Coronavirus Reaches Mount Everest for First Time

In this photograph taken on April 25, 2018, trekkers and porters gather at Everest Base Camp, some 140km northeast of the Nepali capital Kathmandu. - Hundreds of adventurers have been granted permits to climb Mount Everest, officials said April 26, 2018, foreshadowing another bumper year despite concerns about overcrowding on …
PRAKASH MATHEMA/AFP via Getty Images

A Norwegian mountain climber stationed at Mt. Everest’s south basecamp in Nepal has tested positive for the Chinese coronavirus, marking the first official case of the disease on the world’s tallest mountain, Agence France-Presse (AFP) reported Thursday.

Climber Erlend Ness was attempting to summit Mt. Everest last week when he fell ill and was evacuated from the mountain. Health authorities airlifted Ness to a hospital in Nepal’s capital, Kathmandu, where he subsequently tested positive for the Chinese coronavirus.

“My diagnosis is Covid-19 [Chinese coronavirus],” Ness told AFP in a Facebook message on April 22. “I’m doing ok now. … The hospital is taking care (of me).”

Ness was “originally thought to be suffering from high-altitude pulmonary edema (HAPE)” but tested positive for the Chinese coronavirus upon arrival at a hospital in Kathmandu, according to the U.S. magazine Outside. The publication first reported on the climber’s coronavirus infection, then unconfirmed, on April 20, citing an unidentified source at Mt. Everest’s south basecamp.

Norwegian broadcaster NRK interviewed Ness this week, reporting that “a sherpa in his party had also tested positive.”

“I really hope that none of the others get infected with corona high up in the mountains. It is impossible to evacuate people with a helicopter when they’re above 8,000 meters,” Ness told NRK.

Deutsche Welle alluded to the possibility of additional coronavirus infections on Mt. Everest while reporting on Ness’s case on April 22.
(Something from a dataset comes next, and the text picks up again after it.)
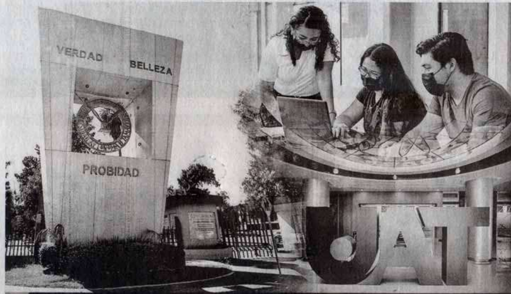
La Universidad ha puesto en marcha el procedimiento para el registro en línea de estudiantes.

Quienes deseen conocer la oferta de programas de estudios con que cuenta la UAT, se les invita a consultar lo antes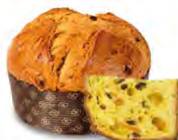
Panettone Speziato Brulé

“The infected climber is a Norwegian, who has said he believes he may have contracted the virus while trekking to the base camp. Other reports indicate that as many as three climbers may have been infected,” the German state broadcaster wrote.

Kathmandu’s CIWEC Hospital confirmed to AFP on April 22 it had taken in more than one patient from Mt. Everest “who had contracted coronavirus but could not give a number.”

“I can’t share the details but some evacuated from Everest have tested positive,” Prativa Pandey, the hospital’s medical director told AFP.

Nepal’s Ministry of Tourism described the reports of the alleged coronavirus infections on Mt. Everest as “rumors” this week and said it was investigating the claims. Mira Acharya, a spokeswoman for the Ministry, said it had “so far not received any reports of Covid-19 [Chinese coronavirus] among climbers.”

“A person was evacuated on April 15 but we were informed that he is suffering from pneumonia and is being treated in isolation. That is all the information we have received,” she said.

Mt. Everest authorities were forced to cancel last year’s climbing season on the mountain because of the Chinese coronavirus pandemic.